_YOUR OBJECTIVE_: Below, locate the line that contains "作り方②バターを熱したフライパンにかぼちゃを並べる". Repeat exactly from that line to the line that contains "Karlovy Vary, Karlsbad;", inclusive, leaving out the pictures.

_EXTRACTED MATERIAL_:
"""
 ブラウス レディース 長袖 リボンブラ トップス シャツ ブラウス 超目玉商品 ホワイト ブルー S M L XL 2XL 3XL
"""
"""
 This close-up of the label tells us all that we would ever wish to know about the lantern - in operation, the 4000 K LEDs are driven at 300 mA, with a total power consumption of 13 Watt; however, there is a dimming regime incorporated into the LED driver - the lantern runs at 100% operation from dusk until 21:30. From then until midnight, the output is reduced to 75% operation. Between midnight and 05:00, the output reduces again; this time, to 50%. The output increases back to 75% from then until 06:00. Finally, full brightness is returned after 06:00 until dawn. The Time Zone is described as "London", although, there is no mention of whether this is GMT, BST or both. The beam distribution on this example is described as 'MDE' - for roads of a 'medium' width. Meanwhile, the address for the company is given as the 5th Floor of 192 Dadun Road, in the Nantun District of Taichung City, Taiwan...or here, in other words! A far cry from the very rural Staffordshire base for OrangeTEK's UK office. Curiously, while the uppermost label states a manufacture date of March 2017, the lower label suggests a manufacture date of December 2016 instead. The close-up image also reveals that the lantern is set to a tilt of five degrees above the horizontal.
"""
"""
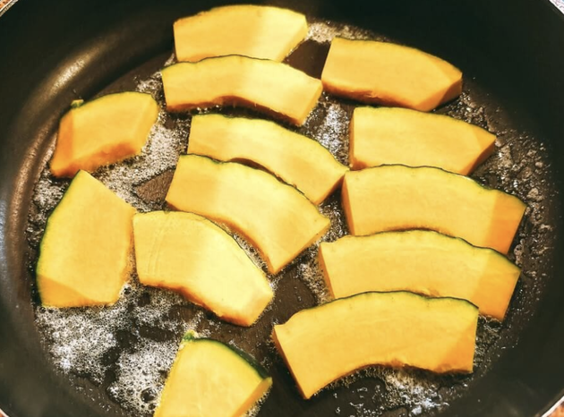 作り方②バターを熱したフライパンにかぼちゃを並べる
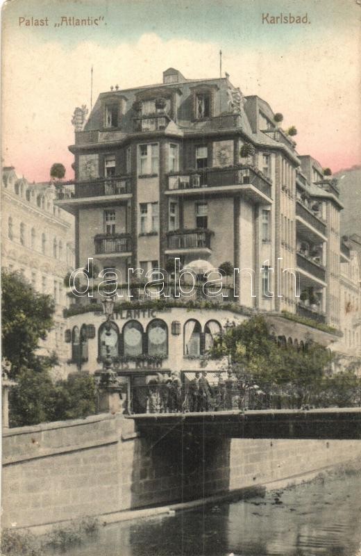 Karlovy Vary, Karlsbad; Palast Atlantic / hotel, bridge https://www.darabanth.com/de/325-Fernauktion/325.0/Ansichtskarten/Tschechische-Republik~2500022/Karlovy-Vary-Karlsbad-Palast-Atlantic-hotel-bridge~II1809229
"""
_WRITTEN ANSWER_:
 作り方②バターを熱したフライパンにかぼちゃを並べる
 Karlovy Vary, Karlsbad; Palast Atlantic / hotel, bridge https://www.darabanth.com/de/325-Fernauktion/325.0/Ansichtskarten/Tschechische-Republik~2500022/Karlovy-Vary-Karlsbad-Palast-Atlantic-hotel-bridge~II1809229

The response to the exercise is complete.